La planta se utiliza localmente en la medicina tradicional y se ha promovido como tratamiento alternativo del cáncer, pero no hay estudios clínicos en humanos. El gobierno hondureño ha informado que su cultivo ha crecido de forma considerable estos últimos años.

En condiciones favorables, el árbol de mangostán, de crecimiento lento, puede alcanzar una altura de 9,5 metros. Tiene hojas gruesas, verde oscuro y brillantes, de 15-25 cm (6-10 pulgadas) de longitud, que nacen en pares opuestos a lo largo del tallo, y grandes flores de color rosa. Los frutos son del tamaño de una naranja pequeña, redondos o aplanados en los extremos.

Los mangostanes tienen una corteza gruesa, dura y de color rojo intenso que rodea la pulpa blanca como la nieve, que está en segmentos parecidos a los de una mandarina. Las plántulas tardan de 8 a 15 años en dar fruto. Se ha informado de que los árboles individuales dan más de 1.000 frutos en una temporada, pero las plantas suelen producir buenas cosechas sólo en años alternos.

El mangostán se cultiva desde la antigüedad en Java, Sumatra, Indochina y el sur de Filipinas. Es un árbol de jardín común en Indonesia.
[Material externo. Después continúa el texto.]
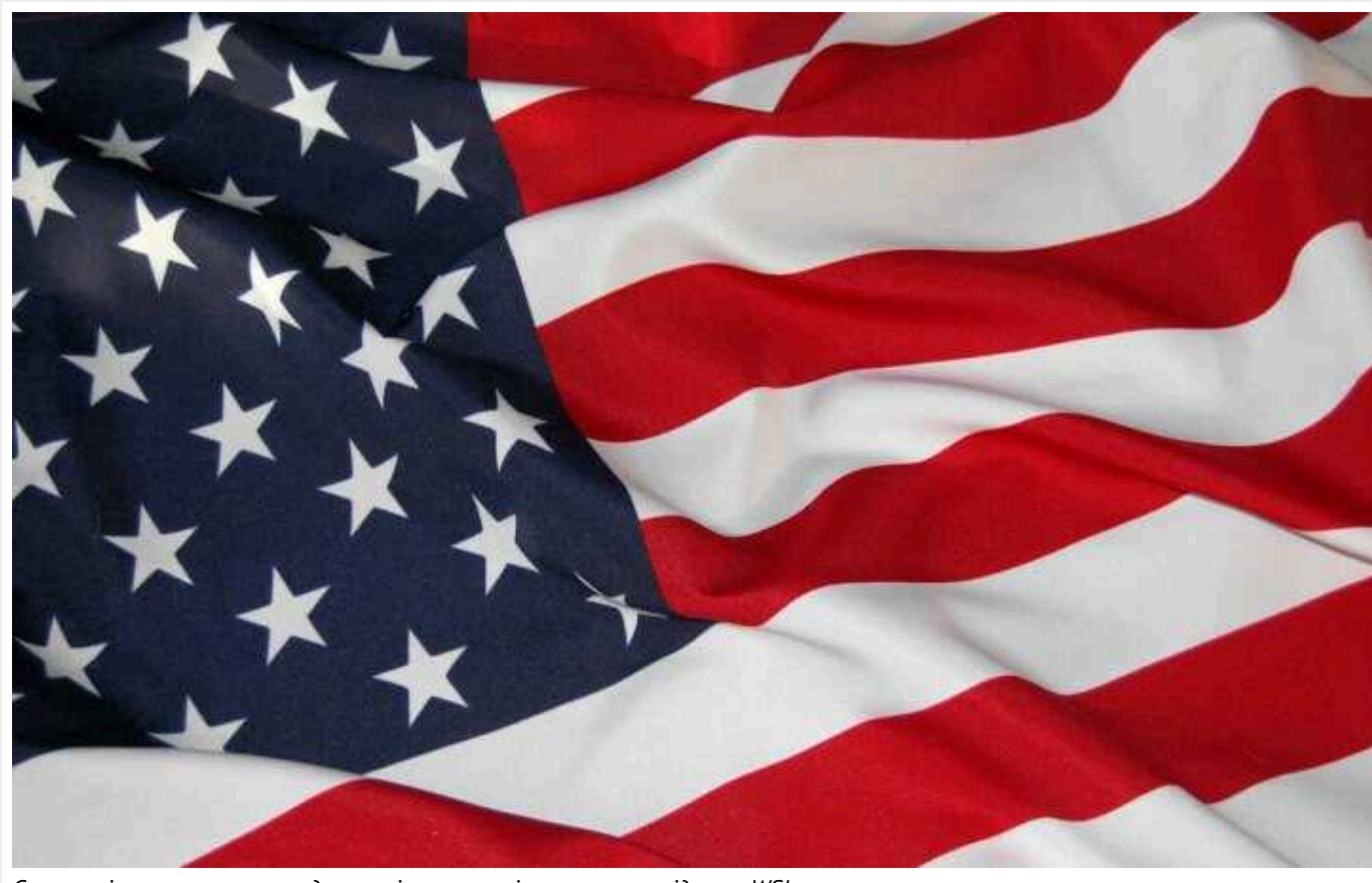
Сполучені штати почнуть удари по іранських цілях вже на вихідних – WSJ

США вже цими вихідними планують завдати ударів по численних цілях в Іраку та Сирії у відповідь на атаку на свою базу в Йорданії, внаслідок якої загинули троє військових, повідомляє The Wall Street Journal з посиланням на американських посадовців.
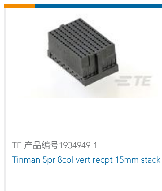
TE 产品编号 1934949-1 Tinman 5pr 8col vert recpt 15mm stack

El mangostán fructificó en invernaderos ingleses en 1855, y posteriormente su cultivo se introdujo en el hemisferio occidental, donde se estableció en varias de las islas de las Indias Occidentales, especialmente en Jamaica. Posteriormente se estableció en tierra firme en Guatemala, Honduras, Panamá y Ecuador. También se puede cultivar en el sur de Florida.
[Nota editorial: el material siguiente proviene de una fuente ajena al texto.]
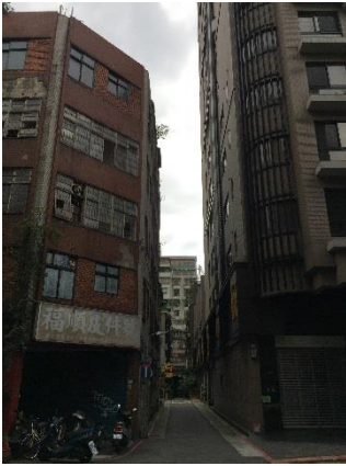
基地側巷建築物現況照片
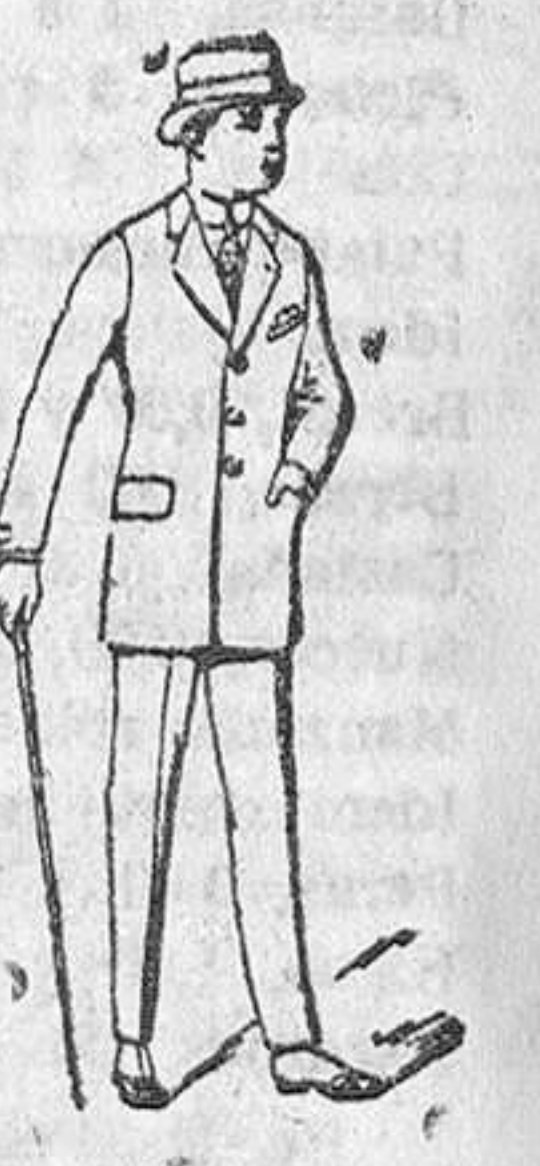
Trejes para caballero de de 40 a 115 pesetas Corte moderno
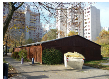
Das Gebäude vor Beginn der energetischen Sanierung
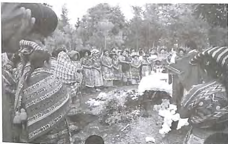
Celebración religiosa 02-noviembre-2004, ex destacamento militar, San Juan Comalapa.

A nueve años de la firma del Acuerdo de Paz Firme y Duradera en diciembre de 1996, entre el gobierno del Estado en ese año y la Unidad Revolucionaria Nacional Guatemalteca (URNG), los avances en materia de reivindicación de los derechos de los pueblos indígenas y del reconocimiento real del carácter multiétnico, multicultural y plurilingüe del país, han sido ineficientes.
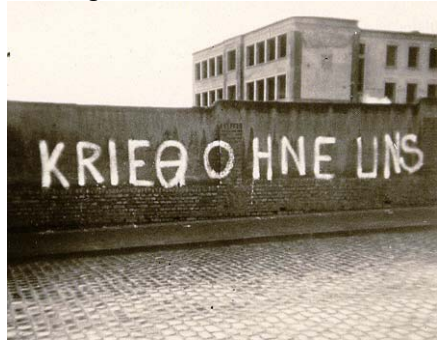
Wandparole in Saarbrücken. Etwa 1957

Heute, am 27. März 2011, also 57 Jahre nach Dr. Schweitzers erstem Appell (1954) an die Regierenden und die Völker der Welt, dem Wahnsinn des Wettrüstens und der atomaren Bedrohung allen menschlichen Lebens ein Ende zu setzen, stehen wir nach wie vor vor der selben Bedrohung. Es sind nicht nur die Atomwaffen, die noch einsatzbereit sind, sondern dazu kommen nun die AKWs zur friedlichen Energiegewinnung. Würde Dr. Albert Schweitzer, wenn er noch unter uns wäre, die gleiche Warnung wieder aussprechen, oder würde er sie gar verschärfen? Um meine Frage zu konkretisieren, lese ich einen Brief vor, der am 14. April 1954 im Londoner „Daily Harald“ veröffentlicht wurde:
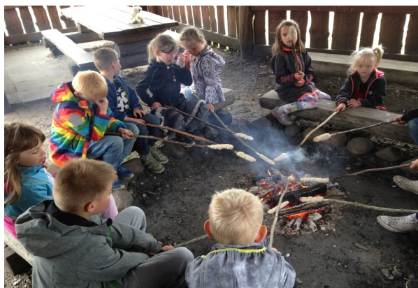
Der bages snobrød i vores bålhytte.

Vi vil meget gerne have, at I bruger dette system frem for at sende besked om det via Aula, eller at ringe til os om, at barnet skal sendes hjem.
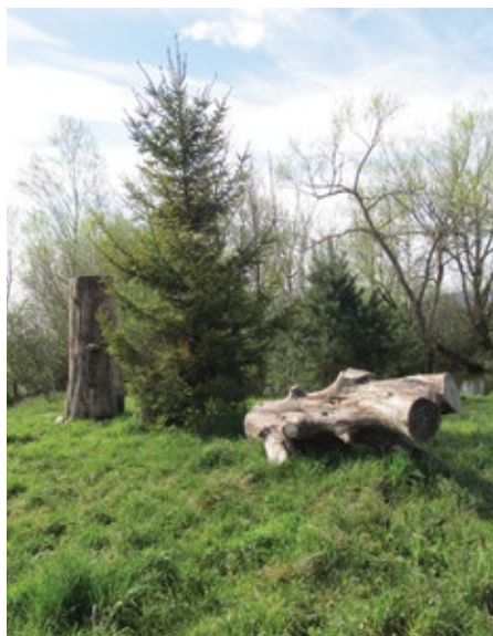
Protipoplavni gnezdilni habitat za kožekrilce

Druga skupina čmrljev pa je zajedavska, kjer se matica ugnezdi v družino pravih čmrljev, prevzame vlogo prave matice in začne odlagati jajčeca, iz katerih se razvijejo samčki in mlade matice. Zajedavska vrsta čmrljev nima delavk, zato je razvoj zaroda odvisen od delavk »gostiteljic« pravih čmrljev.

En general, el mangostán no prospera fuera de los trópicos y suele encontrarse fresco sólo en los mercados locales. La importación de la fruta fue ilegal en Estados Unidos hasta 2007 por temor a la introducción de la mosca asiática de la fruta; los mangostanes importados deben ser irradiados primero para eliminar la plaga.